Dobson Communications will capitalize a recently formed, wholly owned, indirect subsidiary with $50 million, and the subsidiary will seek to raise approximately $900 million through new senior notes. The new senior notes will be non-recourse to Dobson Communications. To complete the restructuring, the recently formed Dobson subsidiary would merge with American Cellular, and the subsidiary's available cash, including the net proceeds from the issue of new senior notes, would be used to fully repay American Cellular's existing bank credit facility. Upon completion of the restructuring, American Cellular would become a wholly owned consolidated subsidiary of Dobson Communications.

The proposed plan is also subject to the ability of the Dobson Communications subsidiary to raise $900 million from the issuance of new senior notes on terms satisfactory to Dobson Communications; to approval of a pre-packaged bankruptcy plan, if necessary; and to other customary closing conditions.

Neither the new senior notes, nor the common and preferred shares to be issued by Dobson, nor any equity securities that may be issued by American Cellular will be registered under the Securities Act of 1933. Any new senior notes, any Dobson common and preferred shares, and any equity securities of American Cellular that are issued as part of a voluntary exchange transaction, and not as part of the pre-packaged bankruptcy plan, may not be offered or sold in the United States absent registration or an applicable exemption from the registration requirements of the Securities Act of 1933. The new senior notes will be offered and sold only to qualified institutions or to non-U.S. persons in transactions that are exempt from the registration requirements of the Securities Act.

No assurance can be given that a final plan for the restructuring of American Cellular's debt will be consummated, or, if consummated, what the final terms may be. This announcement does not constitute an offer to sell, or the solicitation of an offer to purchase, any securities.

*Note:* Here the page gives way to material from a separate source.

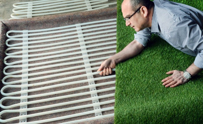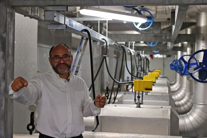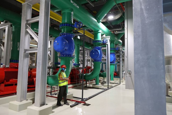 Bagaimana cara kerjanya? Menggunakan energi surya, udara luar didinginkan dan kemudian didistribusikan melalui perangkat di tribun dan pipa besar di sisi lapangan. Sistem di dalam stadion terlihat kompleks seperti ini. Foto: AFP via Getty Images/KARIM JAAFAR

Chanin Capital Partners, LLC is the financial advisor to a special committee of the holders of American Cellular's 9-1/2% senior subordinated notes. Holders of these Notes may contact Mr. Ernie Sibal at Chanin Capital Partners, LLC, (310) 445-4010, Extension 286, for more information regarding the plan for restructuring.

On June 17, 2003, Dobson exchanged its two remaining wireless properties in California for two AT&T Wireless (NYSE:AWE) properties in Alaska. AT&T Wireless also transferred to Dobson all of the Dobson Series AA preferred stock that AT&T Wireless owned. Dobson reclassified its financial statement as of and for the years ended December 31, 2002, 2001 and 2000 to reflect the discontinued operations of its California properties. These unaudited reclassified financial statements, as well as certain pro forma financial information not previously disclosed to the public, are attached as exhibits to Dobson's Form 8-K that was filed on the date of this press release. KPMG LLP, Dobson's independent auditor, is presently auditing these reclassified financial statements. No assurances can be given that the audit will not result in further adjustments to these reclassified financial statements.

Dobson Communications is a leading provider of wireless phone services to rural markets in the United States. Headquartered in Oklahoma City, the Company owns or manages wireless operations in 16 states. For additional information on the Company and its operations, please visit its Web site at www.dobson.net.

This press release contains "forward-looking statements" within the meaning of the Private Securities Litigation Reform Act of 1995. These include, but are not limited to, statements regarding the Company's plans, intentions and expectations. Such statements are inherently subject to a variety of risks and uncertainties that could cause actual results to differ materially from those projected. These risks include, but are not limited to, the completion of the transactions involved in the American Cellular restructuring. A more extensive discussion of the risk factors that could impact these areas and the Company's overall business and financial performance can be found in the Company's reports filed with the Securities and Exchange Commission. Given these concerns, investors and analysts should not place undue reliance on forward-looking statements.